= Krista Gile =

American statistician

Krista Jennifer Gile is an American statistician known for her research on respondent-driven sampling, on exponential random graph models, and more generally on the statistical behavior of social networks. She is an associate professor in the department of mathematics and statistics of the University of Massachusetts Amherst.

==Education and career==
Gile grew up in Shrewsbury, Vermont, where her father Richard H. Gile was an engineer and businessman.
She graduated in 1998 from the Rensselaer Polytechnic Institute, where she majored in electrical engineering with a minor in sociology.
After earning a master's degree in science and technology studies at Virginia Tech in 2000, she worked from 2000 to 2003 as Assistant Director of Research at Advocates for Human Potential, Inc. In this period, she also continued to take graduate classes, delivered meals for the poor and taught mathematics to underprivileged girls.

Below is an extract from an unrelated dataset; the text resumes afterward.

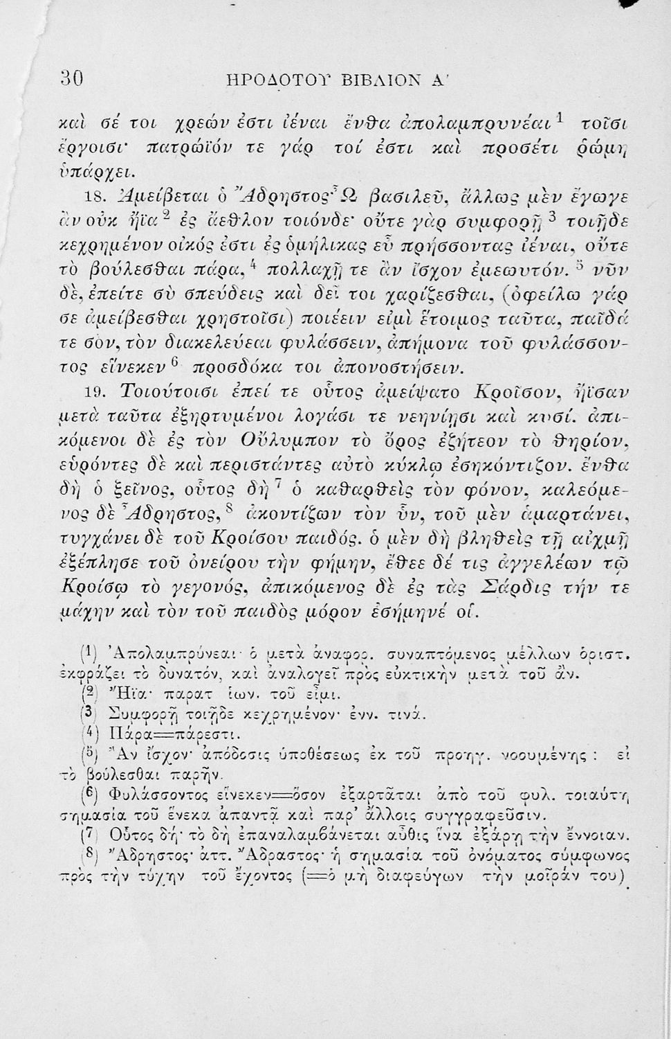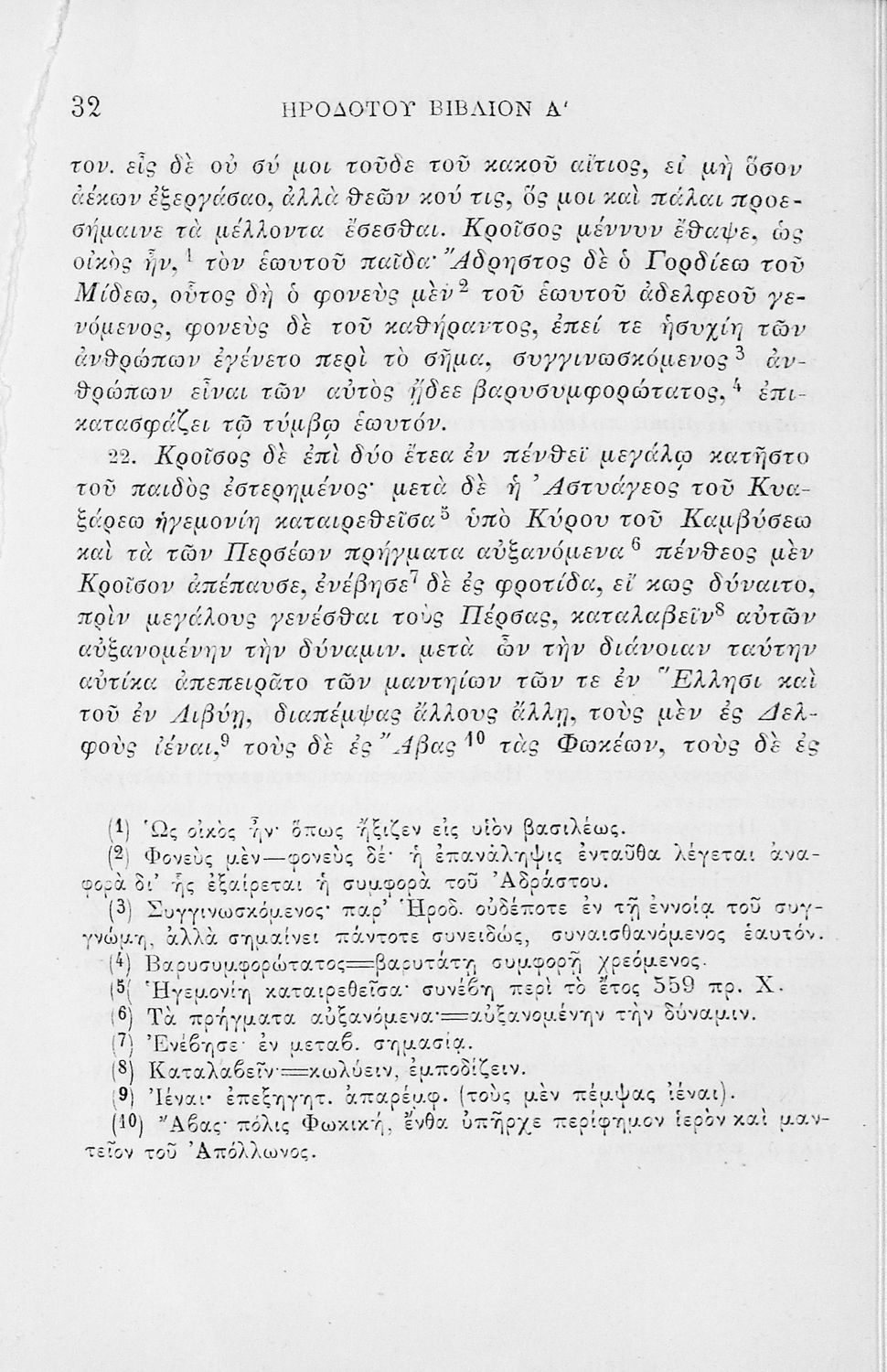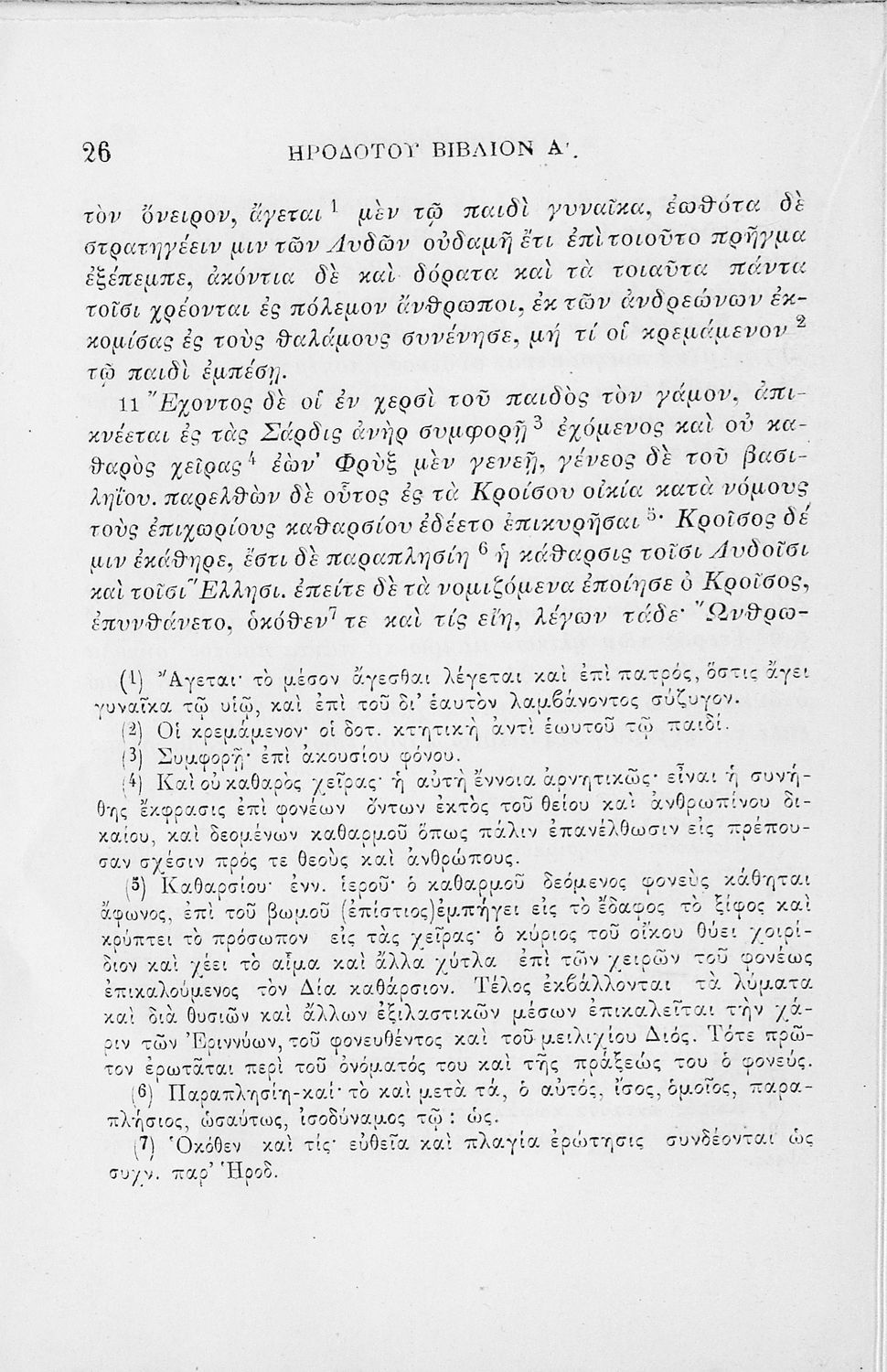 Σχολικό εγχειρίδιο Αρχαίων Ελληνικών για τα Γυμνάσια και τα Παρθεναγωγεία που περιλαμβάνει αποσπάσματα από το έργο του Ηροδότου Ιστορία και ερμηνευτικές σημειώσεις.

At the suggestion of an amateur rugby teammate and with the encouragement of a sociological theory professor, she returned to graduate school, studying statistics at the University of Washington,
where she completed her doctorate in 2008. Her dissertation, Inference from Partially-Observed Network Data, was supervised by Mark S. Handcock.
After two years as a Postdoctoral Prize Research Fellow at Nuffield College, Oxford, she joined the UMass Amherst faculty in 2010.